Mitev Nikolina, Renner Patrick, Pfeiffer Thies, Staudte Maria
CITEC, Universität des Saarlandes, Campus C7.4 (2.04), Saarbrücken, 66123, Germany.
CITEC, Bielefeld University, Inspiration 1, Bielefeld, 33619, Germany.
Cogn Res Princ Implic. 2018 Dec 29;3(1):51. doi: 10.1186/s41235-018-0148-x.

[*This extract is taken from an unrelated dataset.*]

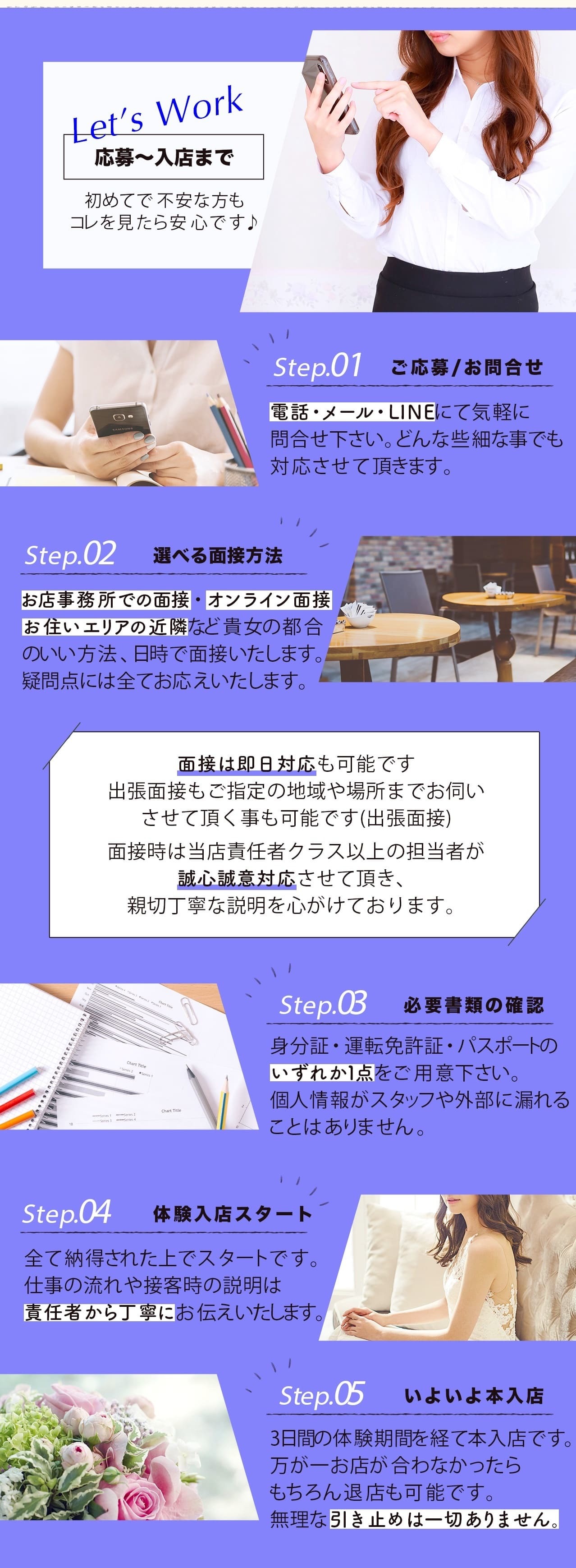 問い合わせ時、面接時、体験入店後の無理な引き止めなどは一切いたしません。安心して働けるように全力でサポート致しますので是非お気軽にお問い合わせください(*^。^*)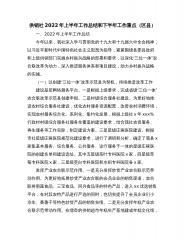 供销社2022年上半年工作总结和下半年工作重点(区县)一、2022年上半年工作总结今年以来,我社深入学习贯彻党的十九大和十九届六中全会精神,以习近平新时代中国特色社会主义思想为指导,紧紧围绕县委县政府和上级供销部门实施乡村振兴战略的部署和要求,以深化“三位一体”农合联改革为动力,深入推进服务体系和项目建设,助力乡村振兴战略的实施。(一)以创建“三位一体”改革示范县为契机,持续推进改革工作建设基层网络服务平台。一是根据上级要求,完成省级“三位一体”农合联改革示范县创建申报。二是村级综合服务社建设。为更好地推进农村综合服务社建设,优化农村服务资源配置,改善农村消费环境,实现农村服务综合化、系列化、...

Referential success is crucial for collaborative task-solving in shared environments. In face-to-face interactions, humans, therefore, exploit speech, gesture, and gaze to identify a specific object. We investigate if and how the gaze behavior of a human interaction partner can be used by a gaze-aware assistance system to improve referential success. Specifically, our system describes objects in the real world to a human listener using on-the-fly speech generation. It continuously interprets listener gaze and implements alternative strategies to react to this implicit feedback. We used this system to investigate an optimal strategy for task performance: providing an unambiguous, longer instruction right from the beginning, or starting with a shorter, yet ambiguous instruction. Further, the system provides gaze-driven feedback, which could be either underspecified ("No, not that one!") or contrastive ("Further left!"). As expected, our results show that ambiguous instructions followed by underspecified feedback are not beneficial for task performance, whereas contrastive feedback results in faster interactions. Interestingly, this approach even outperforms unambiguous instructions (manipulation between subjects). However, when the system alternates between underspecified and contrastive feedback to initially ambiguous descriptions in an interleaved manner (within subjects), task performance is similar for both approaches. This suggests that listeners engage more intensely with the system when they can expect it to be cooperative. This, rather than the actual informativity of the spoken feedback, may determine the efficiency of information uptake and performance.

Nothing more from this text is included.